= Beginning of Section =
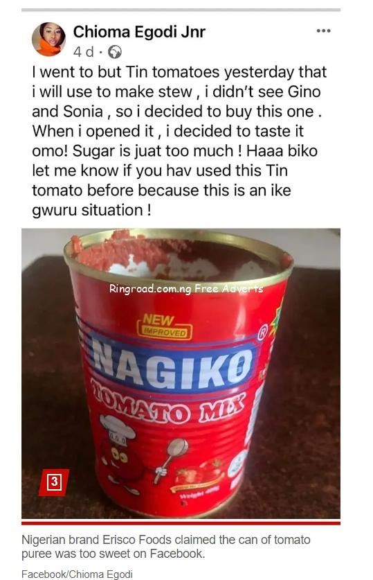 Chioma Okoli, who has a large following on Facebook, wrote in an online review that a can of Nagiko Tomato Mix, made by Nigerian company Erisco Foods, was ‘too sweet’.
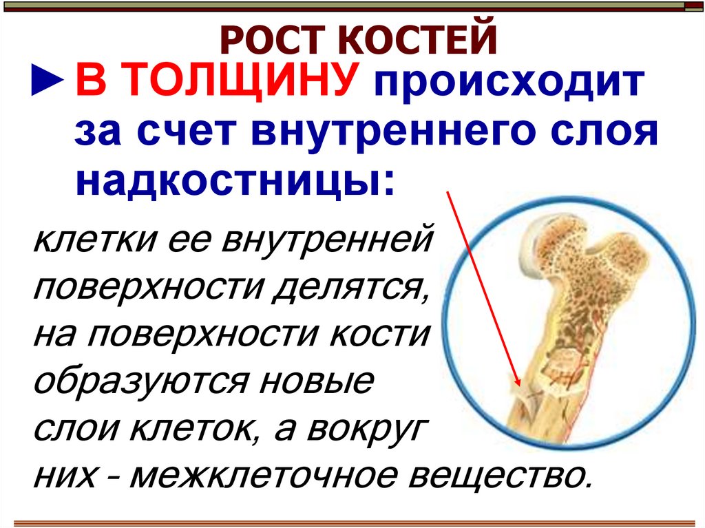 РОСТ КОСТЕЙ►В ТОЛЩИНУ происходит
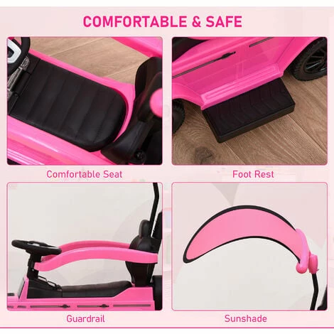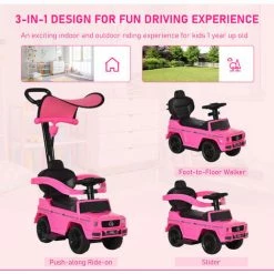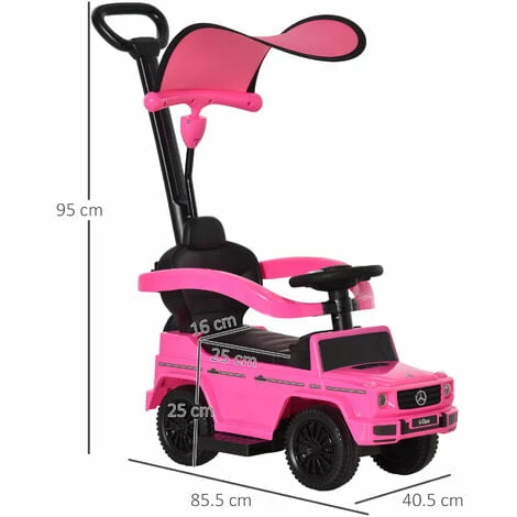 Your search for a fun sliding car stops here. Give children aged between 12-36 months this impressive piece from HOMCOM. Officially licensed Mercedes design adds to the extra fun. Features a moving steering wheel and horn. The seat with backrest is comfortable supportive, with the outer guardrail ensuring safety. Comes complete with a top canopy so they don’t get burnt by the sun whilst cruising outdoors. Three-in-one design: a walker, slider and push ride-on.
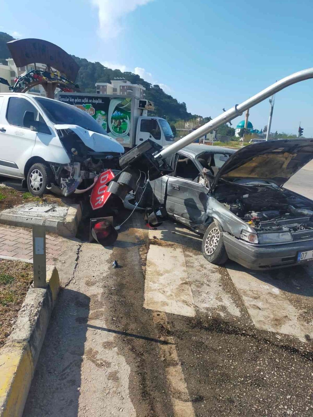 Kaza, Beykonak Mahallesi'nde meydana geldi. Edinilen bilgiye göre, M.D.'nin kullandığı 07 TG 527 plakalı otomobil ile Kumluca istikametinden gelip, Antalya il merkezine giden Y.T.'nin kullandığı 06 ASS 331 plakalı ticari araç çarpıştı. Kazada maddi hasar meydana gelirken, her iki aracın sürücüsü de dahil 4 kişi hafif yaralandı.
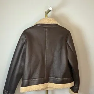 Sonoma dark brown faux leather jacket with thick cream sherpa lining and collar. Snap closure, side pockets. Size L. Excellent condition.
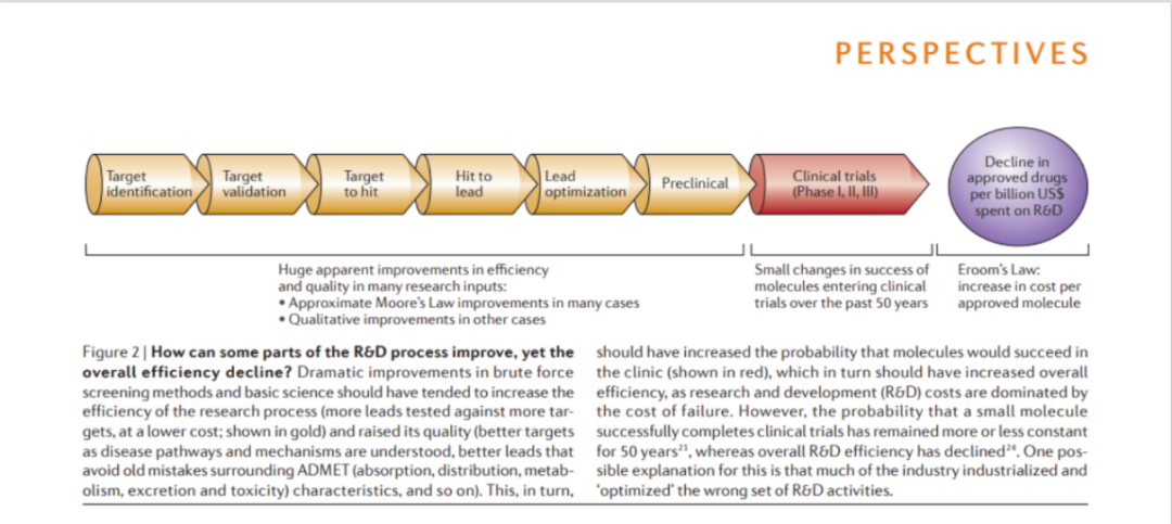 Scannell对药物开发的路径做了排列(如下图所示)。他认为,随着科学技术的进步,药物开发的临床前阶段,是遵循正向摩尔定律的,即,科学技术确实提高了寻找候选药物的效率。但是,进入Phase I,Phase II,Phase III,到 NDA,遵循反摩尔定律。所以,药物开发的全过程,仍然是反摩尔定律。
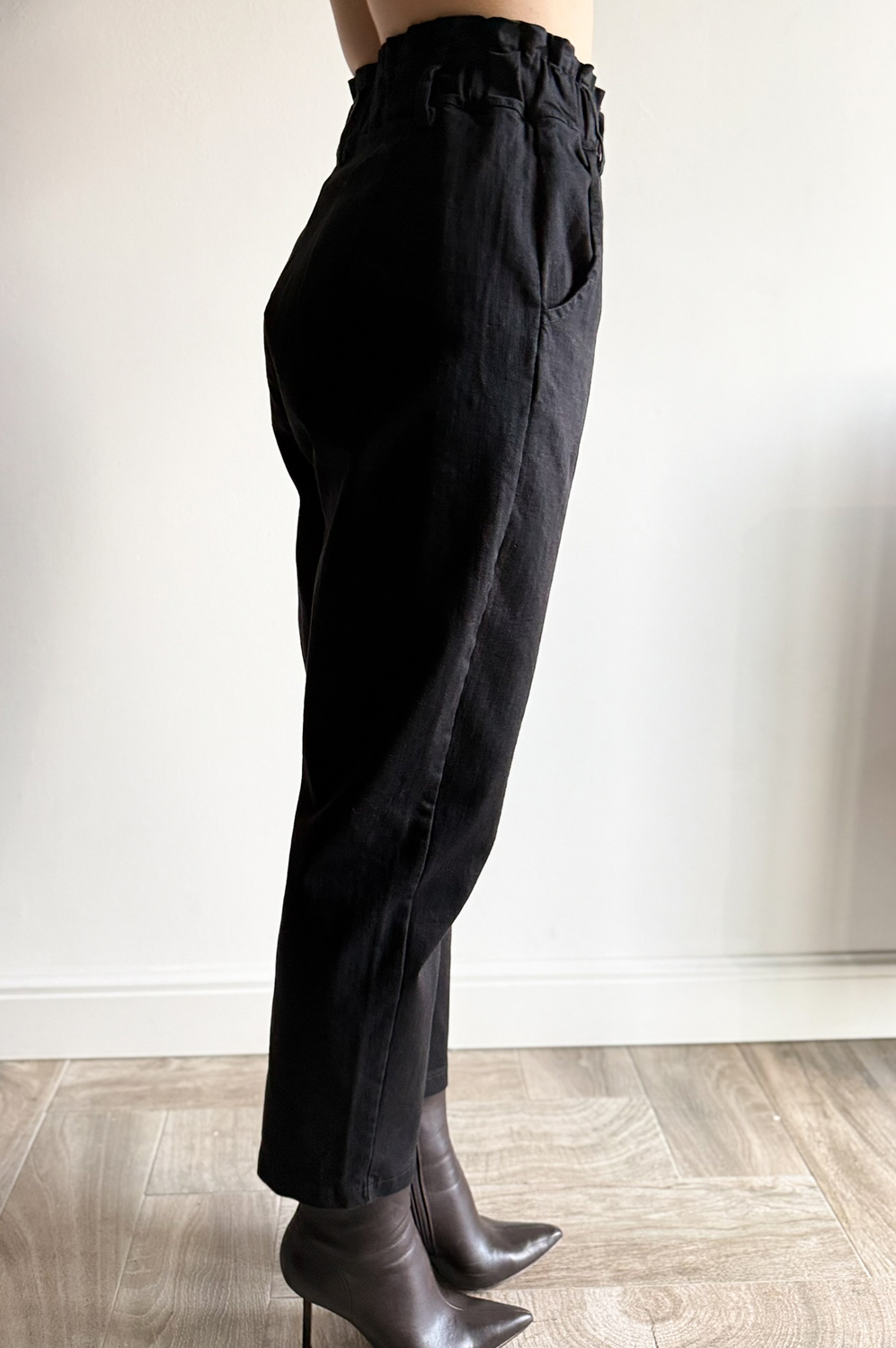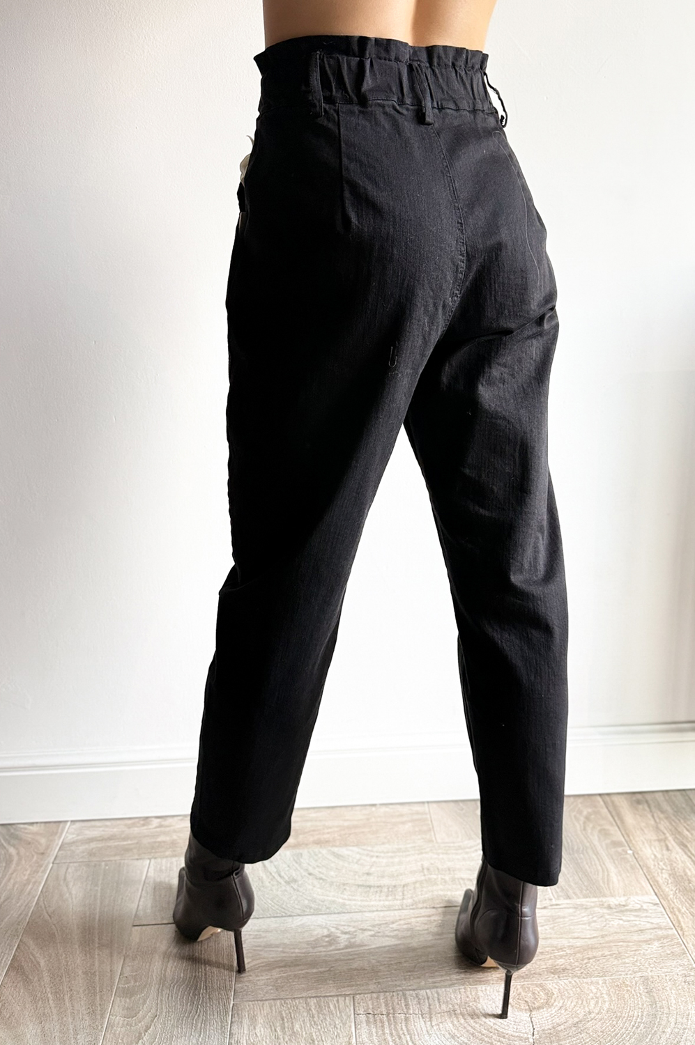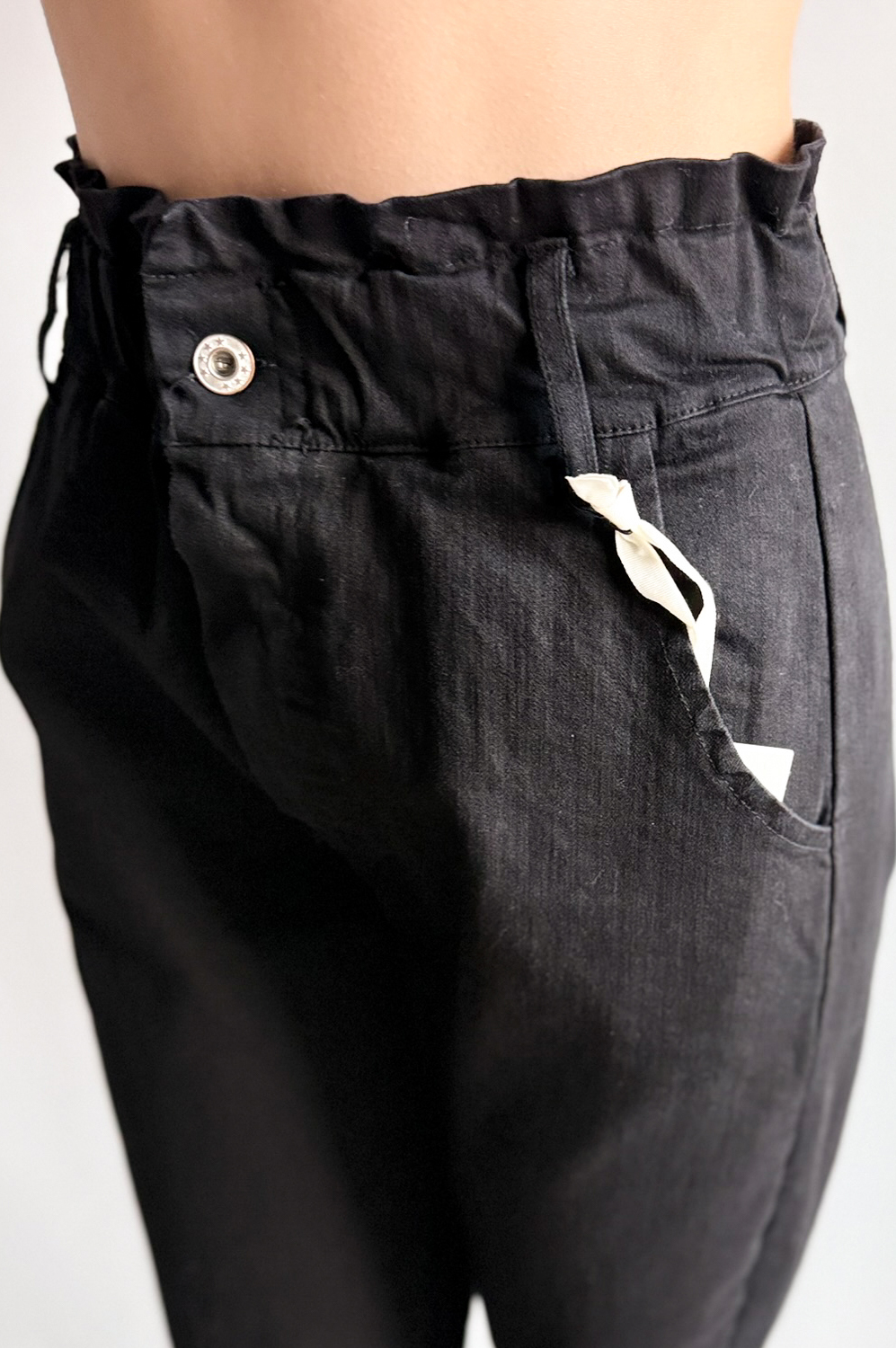 Spodnie WIYA BAWEŁNIANE czarne179.00 zł Najniższa cena towaru, która obowiązywała w okresie 30 dni przed zastosowaniem obniżki: 179.00 zł Opis Spodnie włoskiej marki Wiya, wykonane z bawełny. W pasie posiadają gumę. długość S-M 95 cm,pas 68 do 86
= End of Section =
TASK DETAILS:
When repeating the material above, keep every line exact and drop all pictures.

REPLY:
 Chioma Okoli, who has a large following on Facebook, wrote in an online review that a can of Nagiko Tomato Mix, made by Nigerian company Erisco Foods, was ‘too sweet’.
 РОСТ КОСТЕЙ►В ТОЛЩИНУ происходит
 Your search for a fun sliding car stops here. Give children aged between 12-36 months this impressive piece from HOMCOM. Officially licensed Mercedes design adds to the extra fun. Features a moving steering wheel and horn. The seat with backrest is comfortable supportive, with the outer guardrail ensuring safety. Comes complete with a top canopy so they don’t get burnt by the sun whilst cruising outdoors. Three-in-one design: a walker, slider and push ride-on.
 Kaza, Beykonak Mahallesi'nde meydana geldi. Edinilen bilgiye göre, M.D.'nin kullandığı 07 TG 527 plakalı otomobil ile Kumluca istikametinden gelip, Antalya il merkezine giden Y.T.'nin kullandığı 06 ASS 331 plakalı ticari araç çarpıştı. Kazada maddi hasar meydana gelirken, her iki aracın sürücüsü de dahil 4 kişi hafif yaralandı.
 Sonoma dark brown faux leather jacket with thick cream sherpa lining and collar. Snap closure, side pockets. Size L. Excellent condition.
 Scannell对药物开发的路径做了排列(如下图所示)。他认为,随着科学技术的进步,药物开发的临床前阶段,是遵循正向摩尔定律的,即,科学技术确实提高了寻找候选药物的效率。但是,进入Phase I,Phase II,Phase III,到 NDA,遵循反摩尔定律。所以,药物开发的全过程,仍然是反摩尔定律。
 Spodnie WIYA BAWEŁNIANE czarne179.00 zł Najniższa cena towaru, która obowiązywała w okresie 30 dni przed zastosowaniem obniżki: 179.00 zł Opis Spodnie włoskiej marki Wiya, wykonane z bawełny. W pasie posiadają gumę. długość S-M 95 cm,pas 68 do 86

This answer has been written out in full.